DEI was a guilt laundering sham that saw a transfer of relatively meager (though not insignifcant) capital to a small black managerial class and a hodgepodge of opportunistic non-whites who rebranded as POC. Some people finagled their way into empty admin positions, others into promotions and raises, and a whole lot of lame nikkas cashed in on the speaking circuit at corporations and universities. A lot of books by black authors emerged, the bulk of which ranged from mediocre to comically trash. nikkas hustled the fukk out of the fellowship and award scenes via networking. But all the fast money - the guilt laundering money CACs were initially throwing around that many hoped would be spent creating programs that would spur years of cultural change and reform - just went to higher fees for individual grifters. And a couple years ago it started to dry up. A lot of the faces and voices you used to see reguarly on social media, in commercials, on shows, and in major newspapers and magazines no longer have those spots.

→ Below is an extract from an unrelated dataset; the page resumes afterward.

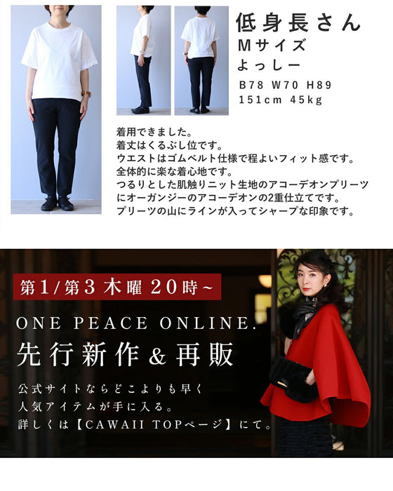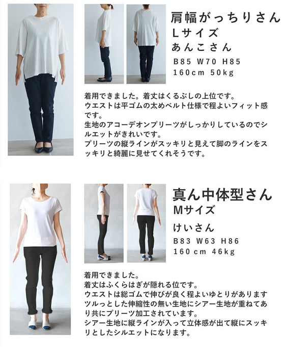 ウエストはゴム仕様で快適な穿き心地。締め付け感が少なく、長時間の着用でもストレスを感じにくいのが嬉しいポイントです。リラックス感がありながらも、しっかりときれい見えを叶えてくれるため、デイリーからお出かけまで幅広く着回せます。

What people did - from Ibram Kendi X to Amanda Gorman to Patrice Cullors etc - was convince the public (black and white alike) that their individual financial come-ups were evidence of collective "excellence." It was cynical and despicable but it succeeded precisely because in the wake of so many recorded, state-sanctioned murders of blacks going unpunished, there was a real radical and determined political energy in the air; but, because there's no longer progressive political machinery in which to invest that energy, DEI culture offered a capitalistic alchemy that funneled the general public's desire for radical political change into consumerism - so they encouraged you to demonstrate your politics by supporting an Issa Rae show or a Jordan Peele movie, or celebrating an atrocious Amanda Gorman poem that had the sophistication of an R. Kelly ballad, or a group of black women in a cadillac commercial. But they didn't encourage any real organizing
What Kendi X did was most cynical of all. He pimped a supposed panacea to racism that was targeted not toward the oppressed but toward bleeding heart whites and corporate HR culture. Any book serious about change equips the oppressed with the language to make sense of their oppression, so they might move toward liberation. His book centered white people undergoing a new self-help exercise to solve racism. A counterintuitive strategy that created a culture of bookclubs and bizarre sadomasochistic workshops, often led by people totally lacking in credentials, talking in contrived blaccents about "the ancestors," "harm," tired, hollow buzzphrases, and even black culinary traditions while an audience of white people pretended to care.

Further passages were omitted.